Early crossmodal matching studies, as well as those studies involving the matching of sound with color, suggest that people make reliable associations between certain dimensions of color and sounds. Such attributes, loudness, visual size, and hues/brightness of colors have mostly been studied in audio-visual correspondences. Marks devoted himself to studying on the correspondence between certain features of vision and hearing (Marks, 1974; Marks, 1987). He confirmed that higher pitch and louder sound were associated with lighter color. Caivano (Caivano, 1994) reported his studies about the relationship between luminosity of color and loudness of sound, saturation and timbre and size and duration based on psychological and physical parameters. Hagtvedt (Hagtvedt & Brasel, 2016) conducted three eye tracking studies on correspondence between frequency of music and lightness of colored object. In his research, participants’ visual attentions were more likely to be guided toward light-colored objects with the influence of high-frequency sounds. Some researchers also conducted similar studies on specific populations. For example, Simpson (Simpson, Quinn & Ausubel, 1956) confirmed the existence of correspondence between hue and pitch in children and concluded that high-pitch were more likely to be associated with yellow, midlevel pitch responded to orange and low-pitch matched blue. In follow-up studies, Stevens (Stevens & Marks, 1965) and Bonds (Bond & Stevens, 1969) studied both children and adults using sample waveform sounds and demonstrated that both groups with different ages matched light grey color with louder sound and darker grey color with quieter sounds. Kim (Kim, Nam & Kim, 2015) performed experiments using vowel sounds and several colors in both synesthetes and non-synesthetes. The results revealed that both synesthetes and non-synesthetes showed statistically significant color-matching consistency (e.g., high vowel sounds were mapped with brighter colors).

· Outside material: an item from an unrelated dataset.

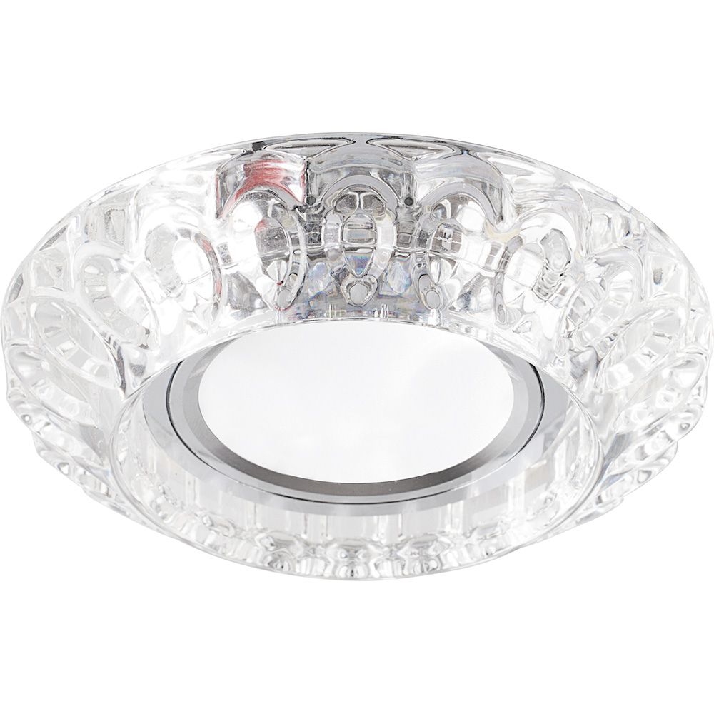Светильник потолочный встраиваемый (ИВО), под лампу с LED подсветкой 15LED*2835 SMD 4000K, MR16 G5.3, прозрачный хром, круг, 100*100*30 мм, монтажный диаметр 60мм, корпус стекло, неповоротный

Also, there are some studies involving sound-color correspondence that used more complex stimuli. For example, Bresin (Bresin, 2005) selected different music to study the emotional relationship between different color attributes (hue, saturation, brightness) and music. He concluded that different hues or brightness of colors were associated to different emotional music, for instance, dark color to music in minor tonality and light colors to music in major tonality. However, we notice that the music he used was made by different musicians with various instruments, which made it impossible to identify the most influential factors among the sound properties in those music. Barbiere (Barbiere, Vidal & Zellner, 2007) did similar research and pointed out that “red”, “yellow” corresponded to happier music, whereas “gray” to sadder music. Same as Bresin’s research, four musical stimuli were studied and there were no actual colors but only words presented in the experiment. Palmer (Palmer et al., 2013) used colors instead of color-words and demonstrated that robust crossmodal matches between music and colors are mediated by emotional associations. Lindborg (Lindborg & Friberg, 2015) studied on music-color correspondence using several film music excerpts and demonstrated that happy music was associated with yellow, music expressing anger with large red color patches, and sad music with smaller patches towards dark blue.

In addition, there are some evidence which indicated that sound was also matched to other visual attributes besides colors, such as timbre and visual shapes (Adeli, Rouat & Molotchnikoff, 2014a; Adeli, Rouat & Molotchnikoff, 2014b), music and space (Salgado-Montejo et al., 2016; Hidaka et al., 2013), sound and size (Evans & Treisman, 2010; Rojczyk, 2011), or matched to other senses like gustatory attributes, such as sound and taste (Knoeferle et al., 2015; Knöferle & Spence, 2012).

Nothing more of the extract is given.